▶ [Data to use]:

- Opening Delimiter -

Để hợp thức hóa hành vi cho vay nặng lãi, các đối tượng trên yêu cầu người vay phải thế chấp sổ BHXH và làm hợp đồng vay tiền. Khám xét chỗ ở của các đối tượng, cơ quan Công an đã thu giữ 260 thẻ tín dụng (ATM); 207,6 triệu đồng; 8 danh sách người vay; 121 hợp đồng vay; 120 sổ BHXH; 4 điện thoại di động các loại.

- Closing Delimiter -
- Opening Delimiter -

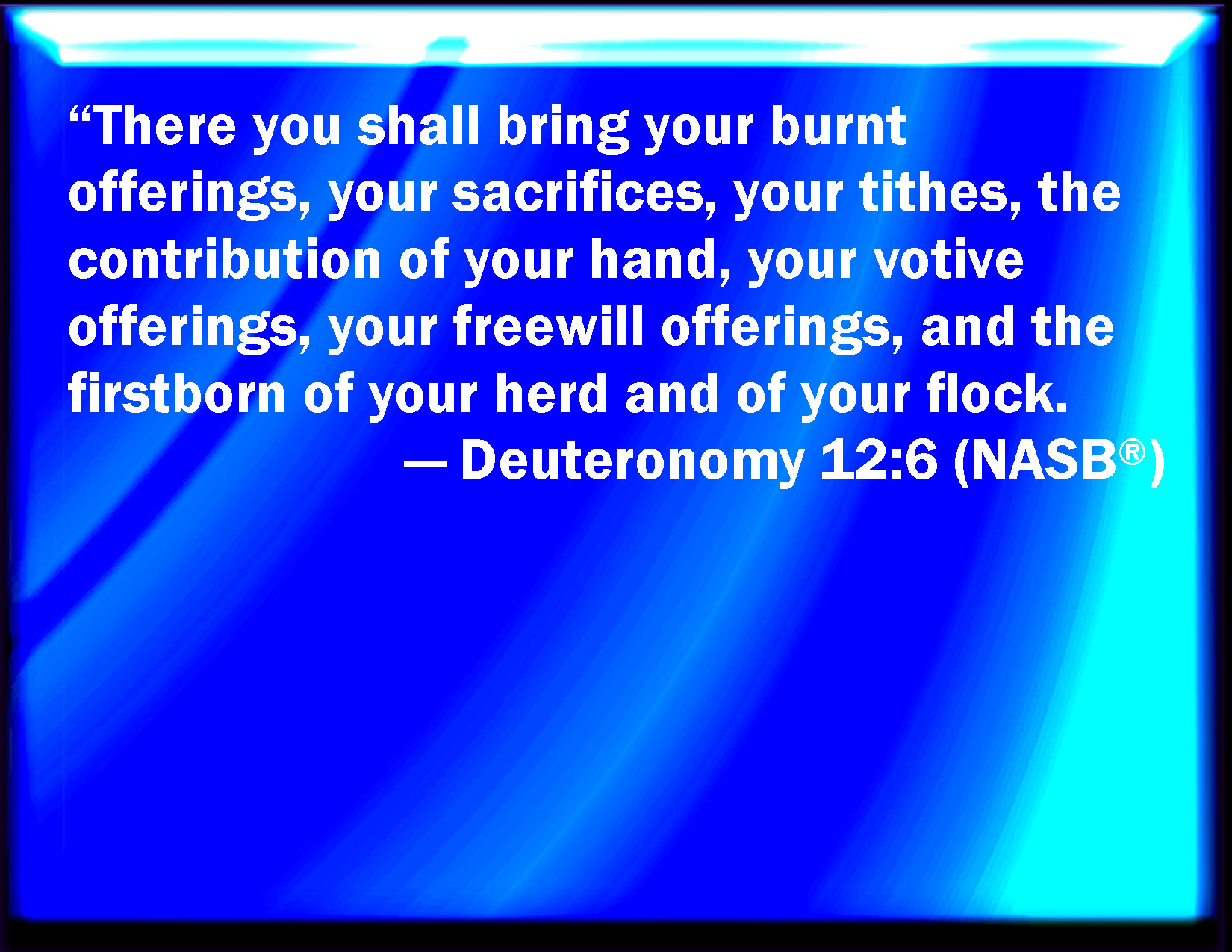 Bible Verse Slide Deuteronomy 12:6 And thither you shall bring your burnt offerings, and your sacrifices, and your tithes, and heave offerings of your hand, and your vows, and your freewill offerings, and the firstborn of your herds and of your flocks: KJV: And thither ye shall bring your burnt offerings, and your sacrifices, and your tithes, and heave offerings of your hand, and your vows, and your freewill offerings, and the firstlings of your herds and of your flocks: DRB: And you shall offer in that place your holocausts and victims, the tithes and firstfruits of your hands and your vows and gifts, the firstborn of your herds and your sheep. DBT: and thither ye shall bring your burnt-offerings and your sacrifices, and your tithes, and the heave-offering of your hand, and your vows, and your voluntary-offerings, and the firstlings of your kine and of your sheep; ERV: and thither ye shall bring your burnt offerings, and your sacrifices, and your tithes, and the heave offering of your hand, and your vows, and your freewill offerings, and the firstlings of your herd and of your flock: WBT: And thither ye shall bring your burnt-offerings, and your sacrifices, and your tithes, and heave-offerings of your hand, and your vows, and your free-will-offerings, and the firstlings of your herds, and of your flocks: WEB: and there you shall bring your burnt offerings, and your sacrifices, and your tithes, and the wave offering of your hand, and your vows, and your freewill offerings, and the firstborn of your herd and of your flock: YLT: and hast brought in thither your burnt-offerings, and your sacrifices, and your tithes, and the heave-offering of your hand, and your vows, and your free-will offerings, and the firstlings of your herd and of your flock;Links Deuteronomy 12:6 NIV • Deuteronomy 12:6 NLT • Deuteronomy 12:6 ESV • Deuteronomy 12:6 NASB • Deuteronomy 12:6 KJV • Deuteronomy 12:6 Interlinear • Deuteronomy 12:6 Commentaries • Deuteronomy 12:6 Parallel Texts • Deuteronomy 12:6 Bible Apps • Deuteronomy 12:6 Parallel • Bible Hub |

- Closing Delimiter -
- Opening Delimiter -

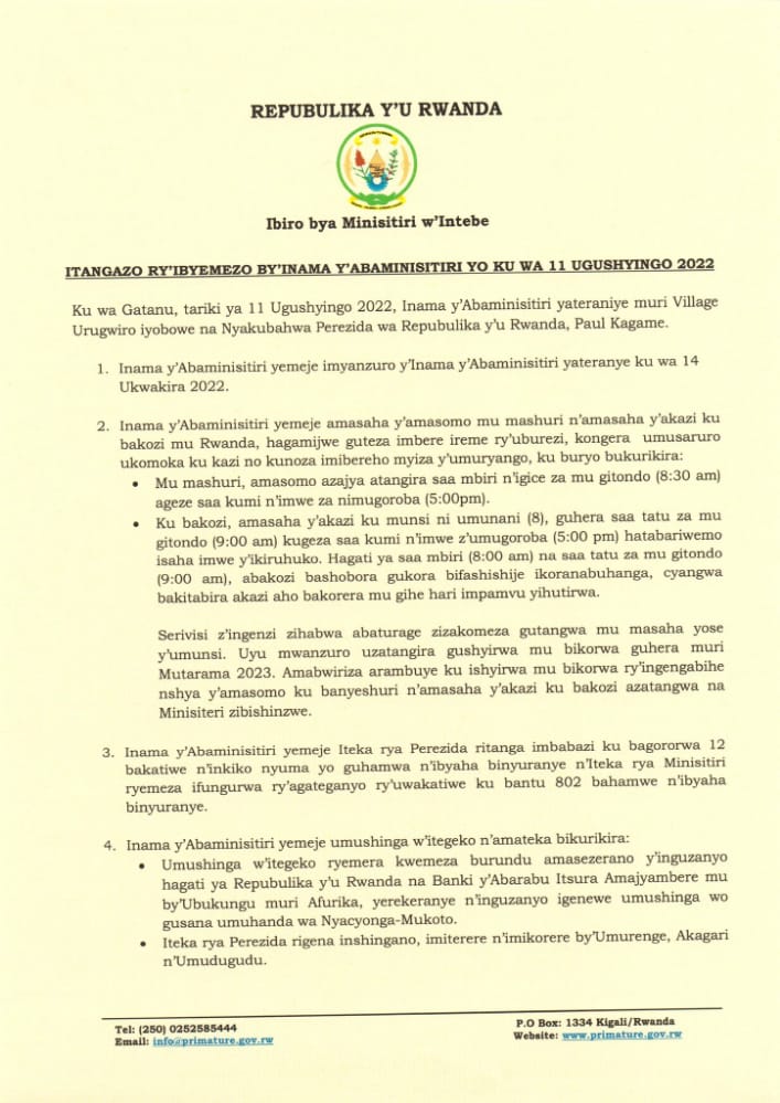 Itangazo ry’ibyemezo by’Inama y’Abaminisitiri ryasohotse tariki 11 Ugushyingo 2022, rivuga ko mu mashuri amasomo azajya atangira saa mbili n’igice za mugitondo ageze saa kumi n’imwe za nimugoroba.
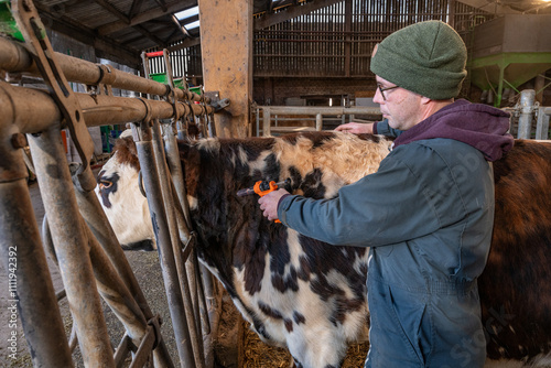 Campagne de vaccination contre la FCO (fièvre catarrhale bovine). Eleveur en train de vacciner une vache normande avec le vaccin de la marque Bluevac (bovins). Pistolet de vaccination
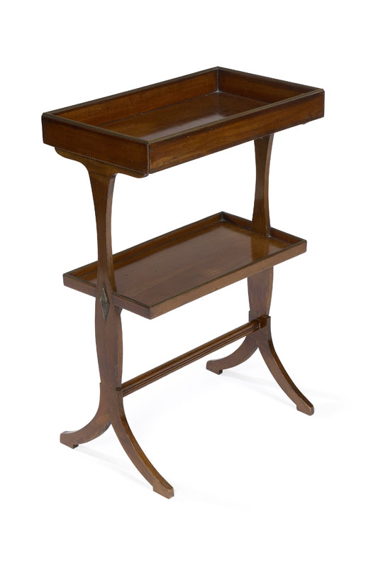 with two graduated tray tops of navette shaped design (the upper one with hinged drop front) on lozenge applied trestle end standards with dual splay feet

- Closing Delimiter -

Of the lines above, quote exactly those from the one with "Campagne de vaccination" through the one with "with two graduated", ends included; pictures stay out.

▶ [Answer for this exercise]:
 Campagne de vaccination contre la FCO (fièvre catarrhale bovine). Eleveur en train de vacciner une vache normande avec le vaccin de la marque Bluevac (bovins). Pistolet de vaccination
 with two graduated tray tops of navette shaped design (the upper one with hinged drop front) on lozenge applied trestle end standards with dual splay feet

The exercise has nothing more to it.